→ Task description
Repeat nothing but the line that contains "重庆市财贸金融轻纺工会胡显易主任(中)到培训点了解培训内容" and the lines after it, through the end of the listing, exactly as they stand; omit pictures.

═══ Material for this task ═══

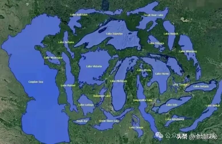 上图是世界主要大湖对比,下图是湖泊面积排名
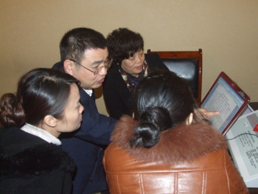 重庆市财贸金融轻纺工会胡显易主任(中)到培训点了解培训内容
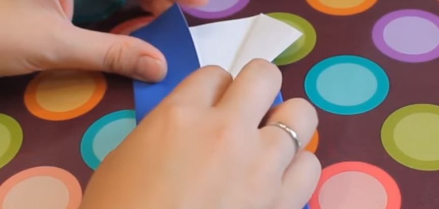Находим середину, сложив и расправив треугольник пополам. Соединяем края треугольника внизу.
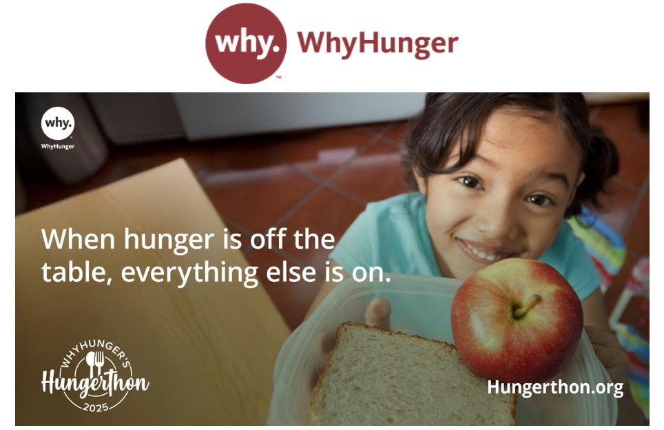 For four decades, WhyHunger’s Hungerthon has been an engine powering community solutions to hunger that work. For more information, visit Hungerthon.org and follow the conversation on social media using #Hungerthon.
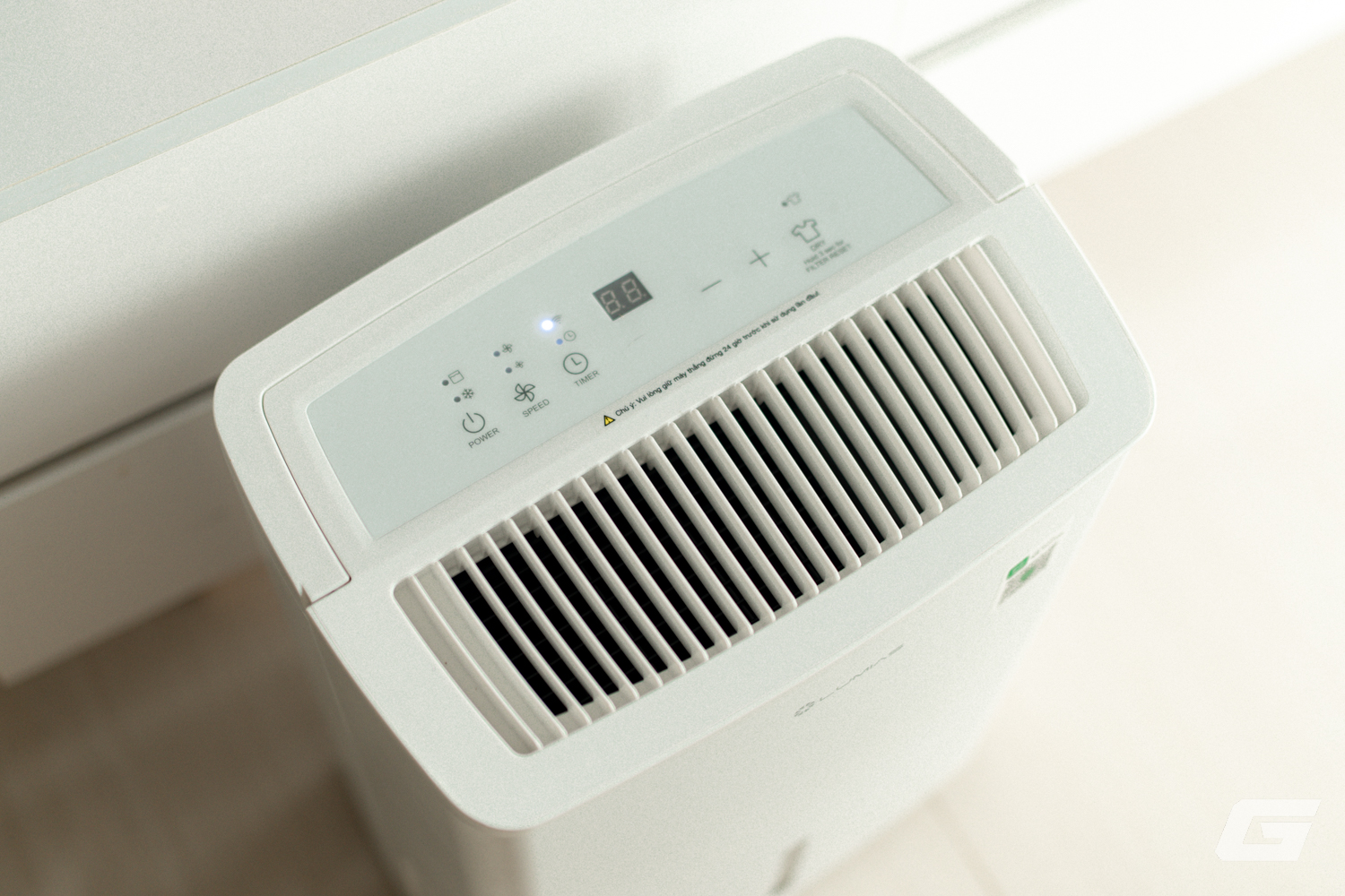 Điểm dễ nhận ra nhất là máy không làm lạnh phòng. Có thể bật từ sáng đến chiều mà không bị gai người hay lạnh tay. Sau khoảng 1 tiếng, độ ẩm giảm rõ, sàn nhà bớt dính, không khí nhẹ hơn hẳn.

═══

→ Solution for this task
 重庆市财贸金融轻纺工会胡显易主任(中)到培训点了解培训内容
Находим середину, сложив и расправив треугольник пополам. Соединяем края треугольника внизу.
 For four decades, WhyHunger’s Hungerthon has been an engine powering community solutions to hunger that work. For more information, visit Hungerthon.org and follow the conversation on social media using #Hungerthon.
 Điểm dễ nhận ra nhất là máy không làm lạnh phòng. Có thể bật từ sáng đến chiều mà không bị gai người hay lạnh tay. Sau khoảng 1 tiếng, độ ẩm giảm rõ, sàn nhà bớt dính, không khí nhẹ hơn hẳn.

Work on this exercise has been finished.